Despite losing the likes of Butler, Temple and Xavier while also seeing La Salle — which reached the Sweet 16 — struggle this season, the latest bracketology projections has the Atlantic 10 with six bids. Saint Louis and VCU have been strong as expected. UMass has been up-and-down but are bound for the tournament for the first time since 1998. George Washington, picked 10th in the preseason, finished third in the conference standings. Dayton still remains on right side of the bubble, possibly being the league’s sixth tournament-bound program.

We’ll find out by Sunday, the final day of the Atlantic 10 Tournament, if that becomes a reality.

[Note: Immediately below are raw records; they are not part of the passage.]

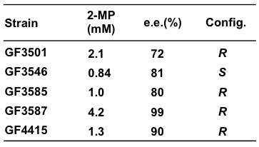 酵母は、一般的に還元活性が強く、カルボニル還元酵素6) やα, β-不飽和ケトンのC=C結合に作用する還元酵素7,8) の存在が報告されている。そこで我々は、酵母にはC=N結合の還元を触媒する酵素活性も潜んでいるのではないかと期待した。最初に研究室保存の酵母226株についてイミン還元活性を調べたが、残念ながら本活性は見出せなかった。次に、細菌261株やカビ84株についても同様にして調べたが、2-MPの生成は見られなかった。最後に、念のため117株の放線菌を調べたところ、土壌放線菌から2-MPを生成する菌株を5株見出した。生成した2-MPは、GITC (2,3,4,6-O-アセチル-β-D-グルコピラノシルイソチオシアナート) を用いて対応するチオウレア誘導体に変換した後、HPLC分析により2-MPの生成量と光学純度を算出した。その結果、4菌株が、2-MPNから (R)-選択的に2-MPを生成し、1菌株のみが、 (S)-選択的に2-MPを生成することが判明した (表1)。それらの中で、高活性な (R)-選択的イミン還元活性菌GF3587と (S)-選択的イミン還元活性菌GF3546について、16S rDNA解析を行ったところ、両菌株ともStreptomyces属菌と同定された。
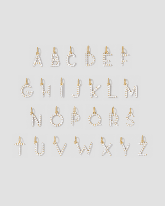 CAPITAL GOTHIC LETTER CHARM WITH PAVÉ WHITE DIAMONDS
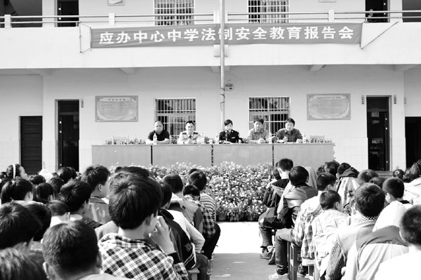 10月16日,应山派出所民警走进应山办事处中心中学,通过以案说法、心理咨询等多种形式,拉开“送法入校,共创安全”普法活动序幕,进一步提高学生法律意识,促进校园安全。 (通讯员 付晓东摄)
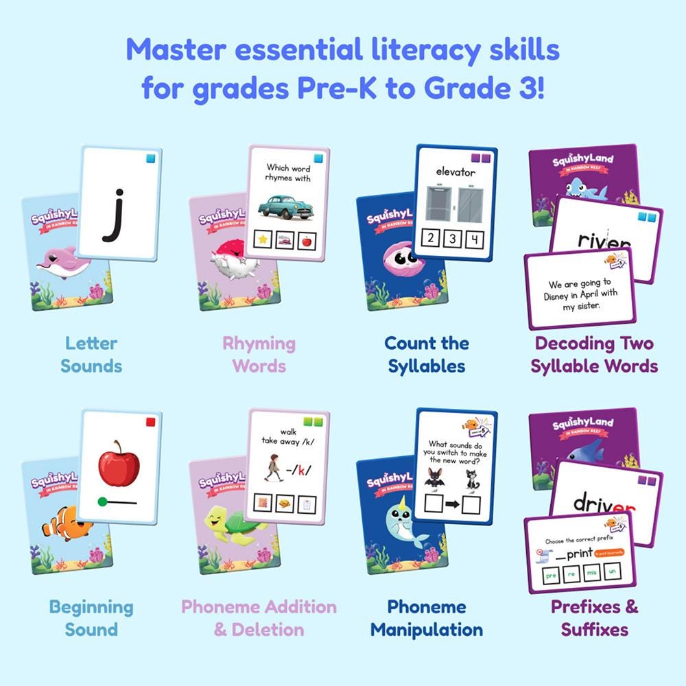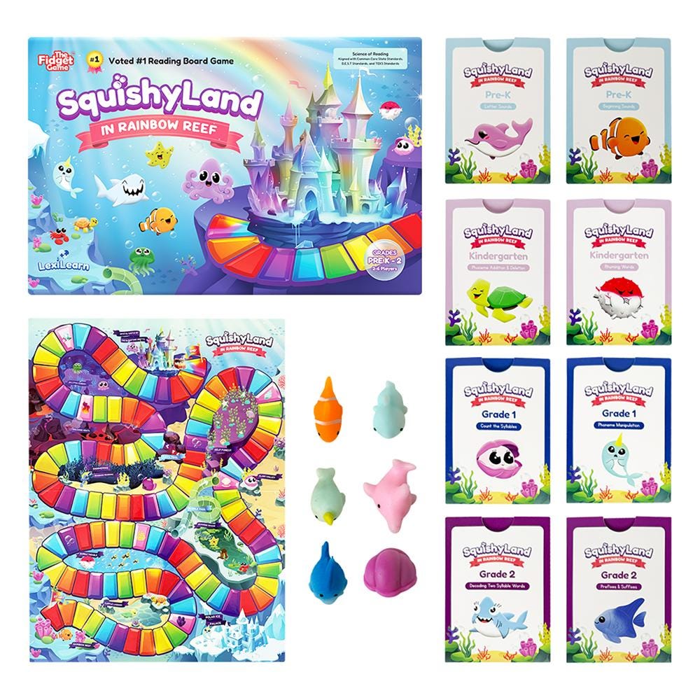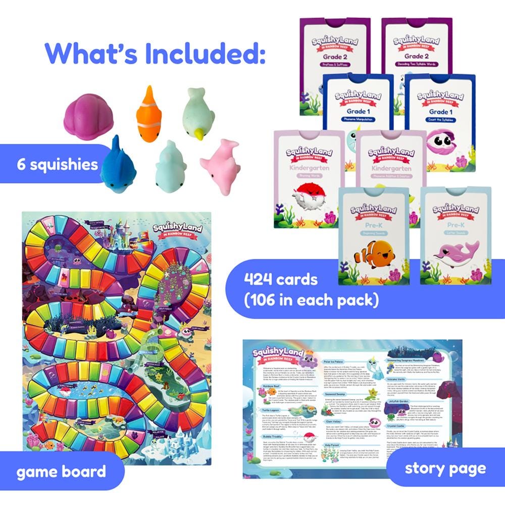 SquishyLand from The Fidget Game is a hands-on, interactive learning game that helps children master the foundational reading skills they need for long-term success. With visual supports, tactile tools, and engaging gameplay, SquishyLand is designed to grow with your child from Pre-K through 2nd grade. Each level targets specific phonological awareness and phonics skills aligned with grade-level standards, making it perfect for small group instruction, centers, or at-home practice. This includes beginning sounds and letter sounds for Pre-K students, phoneme addition /deletion and rhyming words for Kindergarteners, syllable counting and phoneme manipulation for 1st graders, while 2nd graders can master prefixes/suffixes and decode two-syllable words.Features

Saint Louis, the regular season and reigning tournament champion, is the top seed, earning a double-bye along with VCU, George Washington and Saint Joseph’s as those three teams round out the top four seeds. Eyeing a run will be the Minutemen, Flyers and even Richmond, though that would require four wins in four days.

The Atlantic 10 should have one of the nation’s most entertaining tournaments, made more appealing by its setting: the Barclays Center in Brooklyn.

(MORE: Browse through all of our conference tournament previews)

The Bracket

When: March 12-16

*First round and quarterfinals can be seen on NBC Sports Network

Where: Barclays Center, Brooklyn

Final: March 16, 1 p.m. (CBS)

Favorite: Saint Louis

The Billikens won 19 straight games after losing to undefeated Wichita State, but stumbled late in the season losing three straight. Saint Louis avoided a completely disastrous end to the regular season as Jordair Jett’s last-second layup helped the Billikens escape with a 64-62 win in Amherst over UMass, giving them the top seed. Saint Louis has an experienced club, which faced adversity through the years, led by Jett and Dwayne Evans.

And if they lose?: VCU

The Rams were the preseason favorite and started the year ranked in the top 10. VCU has won four straight to close out the season, including a win over Saint Louis a week after a narrow loss to the same team. Havoc has the league’s most efficient defense and is third nationally in adjusted defensive efficiency. Treveon Graham and Juvonte Reddic combine for 28 points and 15 rebounds per game.

Other Contenders:

  • George Washington: The Colonials have certainly been a surprise this season. GW’s A10 tournament hopes improve if Kethan Savage, the team’s second leading scorer who has missed the past 12 games, can get back on the floor. Four of the Colonials’ five conference losses came with Savage, averaging 13.4 points per game, on the sideline.
  • Saint Joseph’s: Phil Martelli has four guys scoring in double figures. The Hawks can shoot the rock, the top 3-point shooting team in the Atlantic 10 at 38 percent.

Sleeper: UMass

Chaz Williams might be the best player in the entire conference. The Minutemen have some head-scratching conference losses, but they were the last team to beat VCU. UMass is the top scoring offense in the conference, but the loss to Saint Louis on Sunday kept the Minutemen from a double-bye. If they want to cut down the nets they’ll now need four wins in as many days.

Deeper Sleeper: Dayton

The Flyers are barely in the projected tournament field. In fact they could be getting a home game in the First Four. Dayton came on as an early surprise with an upset with over Gonzaga in the Maui Invitational. That was followed by a late-game collapse against Baylor the next day. In the last five weeks, Dayton has topped George Washington, UMass and Saint Louis. The Flyers have the ability to string together several upsets with this week, possessing one of the league’s top 3-point shooting teams and the A10’s most efficient defenses.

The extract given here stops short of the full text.